| HN Mirror

Y	Hacker News new \| ask \| show \| jobs

by spondyl 1888 days ago

Ah, a comment where I can put on my SRE (Site Reliability Engineering) hat :)

You're completely right that a 100% availability is unreasonable and often times, never required despite what a customer or site operator may believe.

Just a quick aside, availability (can an end user reach your thing) is often confused with uptime (is your thing up). If I operate a load balancer that your service sits behind and my load balancer dies, your service is up, but not availabile for those on the other side of said load balancer.

With that in mind, Hacker News could be theoretically up 100% of the time but if I go through a tunnel while scrolling Hacker News on my mobile phone, from my perspective, it is no longer 100% available, it is 100% - (period I was without signal) available, from my personal perspective as a user.

The point here is that a whole host of unreliable things happen in every day life from your router playing up to sharks biting the undersea cables.

With that in mind, you then want to go and figure out a reasonable level of service to provide to your end users (ask for their input!) that reflects reality.

It's worth noting too that Google (I don't love 'em but they pioneered the field) will actually intentionally disrupt services if they're "too available" so as to keep those downstream on their toes. It's not actually good for anyone if you have 100% availability in that they make too many assumptions and also, it's just good practice I suppose.

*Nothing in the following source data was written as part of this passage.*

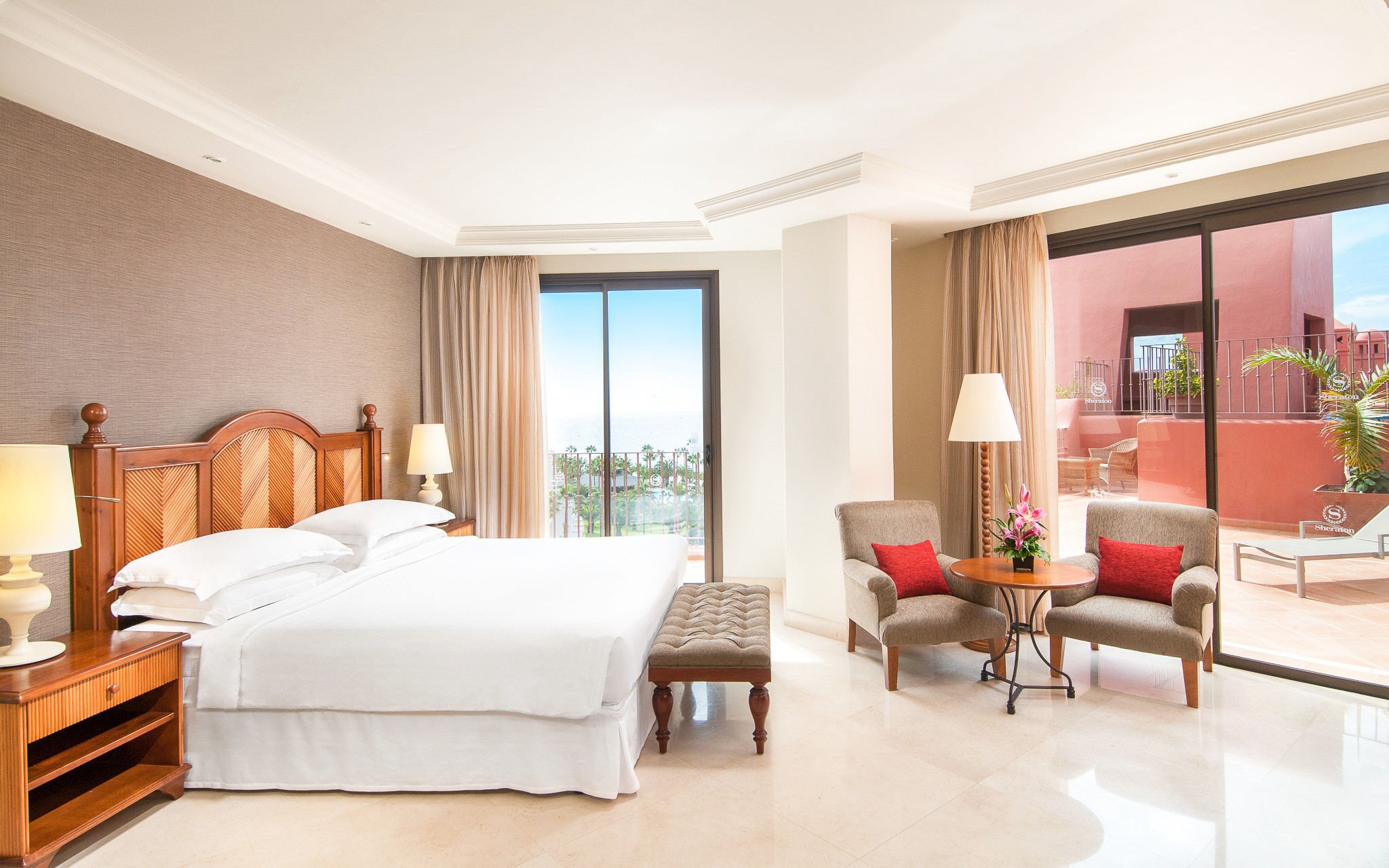 Set on the popular Costa Adeje, the Sheraton La Caleta offers a choice of stylish room types, with views looking towards the sea or the expansive tropical gardens, each with a private terrace area for guests to enjoy. For a special occasion, why not ask our team about the suite upgrade options, such as the Club Terrace Suite, with its corner setting and private outside Jacuzzi?
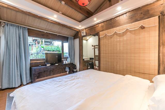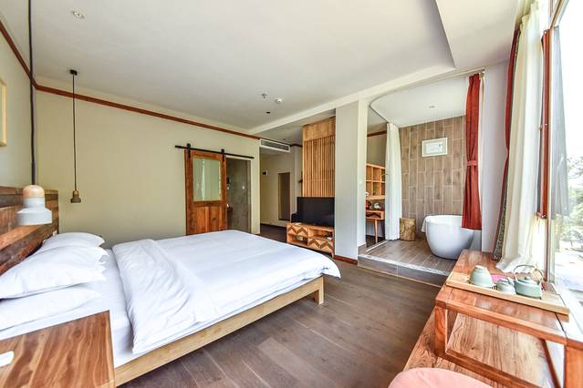 卧室内的原木家具营造出高端典雅的整体环境,高端大气的硬件设施与绝佳的观景视野的河畔小住,不愧为当地顶级客栈,下榻于此如同过着神仙般的生活。你们喜欢不啦?
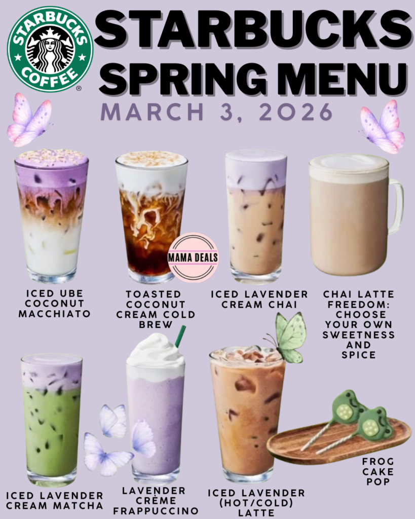Iced Ube Coconut Macchiato Toasted Coconut Cream Cold Brew Iced Lavender Cream Chai Iced Lavender Cream Matcha Lavender Crème Frappuccino Iced Lavender Latte (available hot or iced) Chai Latte (customize your sweetness and spice level) Frog Cake Pop (limited-time spring treat)
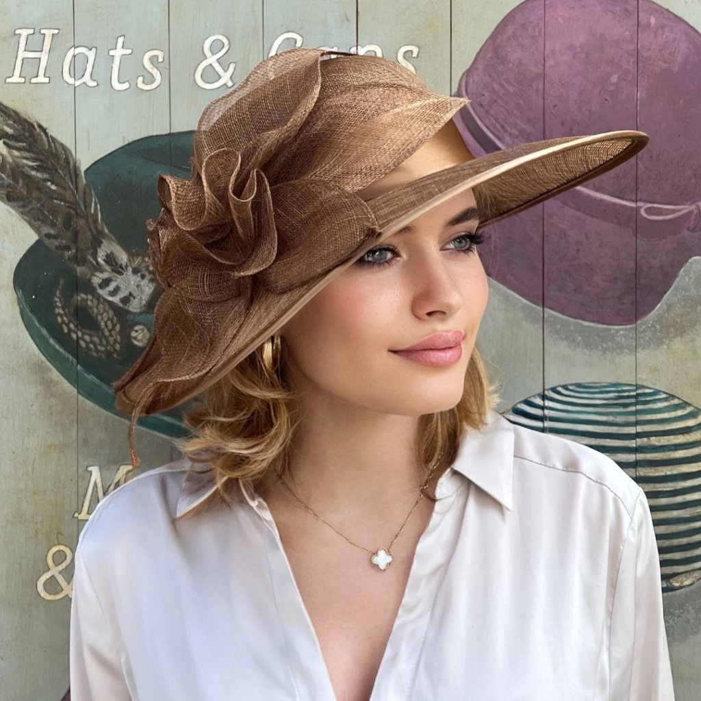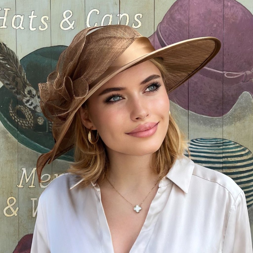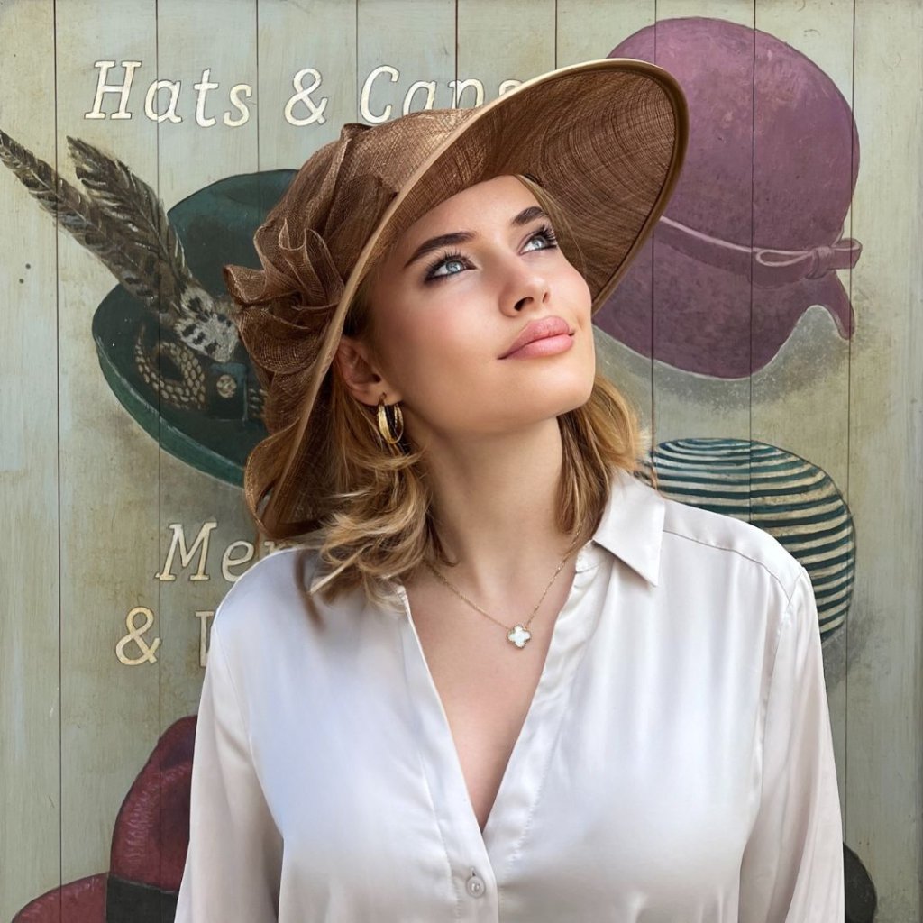 Dodejte svému outfitu šmrnc s tímto elegantním hnědým kloboukem, který je ztělesněním nadčasové ženskosti a precizního řemesla. Ručně tvarovaný z kvalitní abaky, s ozdobou a saténovou stuhou, vše v dokonale sladěných tónech, které podtrhnou vaši přirozenou eleganci.

I can recommend reading the SLOs portion of the Google SRE book if you're curious to see more: https://sre.google/sre-book/service-level-objectives/

In short, an SLO is just an SLA without the legal part so a guarantee of a certain level of service, often internally from one team to another.

Ideally these objectives reflect the level of service your customers (internal or external) expect from your service

> Chubby [Bur06] is Google’s lock service for loosely coupled distributed systems. In the global case, we distribute Chubby instances such that each replica is in a different geographical region.

> Over time, we found that the failures of the global instance of Chubby consistently generated service outages, many of which were visible to end users. As it turns out, true global Chubby outages are so infrequent that service owners began to add dependencies to Chubby assuming that it would never go down. Its high reliability provided a false sense of security because the services could not function appropriately when Chubby was unavailable, however rarely that occurred.

> The solution to this Chubby scenario is interesting: SRE makes sure that global Chubby meets, but does not significantly exceed, its service level objective. In any given quarter, if a true failure has not dropped availability below the target, a controlled outage will be synthesized by intentionally taking down the system.

> In this way, we are able to flush out unreasonable dependencies on Chubby shortly after they are added. Doing so forces service owners to reckon with the reality of distributed systems sooner rather than later.